Messaggioda Foto Utenteclavicordo » 5 mag 2018, 8:36

Penso che potresti trarre profitto dal cercare di fare uno schema a blocchi di ogni problema che ti si presenta. Puoi cominciare con blocchi grandi, per poi "specializzare" ogni blocco al suo interno in blocchi più piccoli, cercando di mettere in evidenza i collegamenti tra i vari blocchi.
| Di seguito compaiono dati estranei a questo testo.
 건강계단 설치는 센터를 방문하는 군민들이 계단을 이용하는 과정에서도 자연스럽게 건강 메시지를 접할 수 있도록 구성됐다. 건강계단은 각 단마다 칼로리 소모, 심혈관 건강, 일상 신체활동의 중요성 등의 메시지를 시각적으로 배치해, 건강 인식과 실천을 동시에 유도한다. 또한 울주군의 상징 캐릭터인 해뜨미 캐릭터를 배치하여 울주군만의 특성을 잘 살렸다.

Uno "schema a blocchi" non è altro che una mappa concettuale fatta di due cose: 1) gli oggetti, rappresentati da rettangoli (o altre figure), 2) le relazioni tra gli oggetti, rappresentate da linee che collegano tra loro i blocchi, eventualmente direzionate con frecce.

Fare uno schema a blocchi aiuta a mettere in chiaro una situazione, soprattutto a evidenziare le gerarchie e i flussi (di corrente, di acqua, di gas, etc.)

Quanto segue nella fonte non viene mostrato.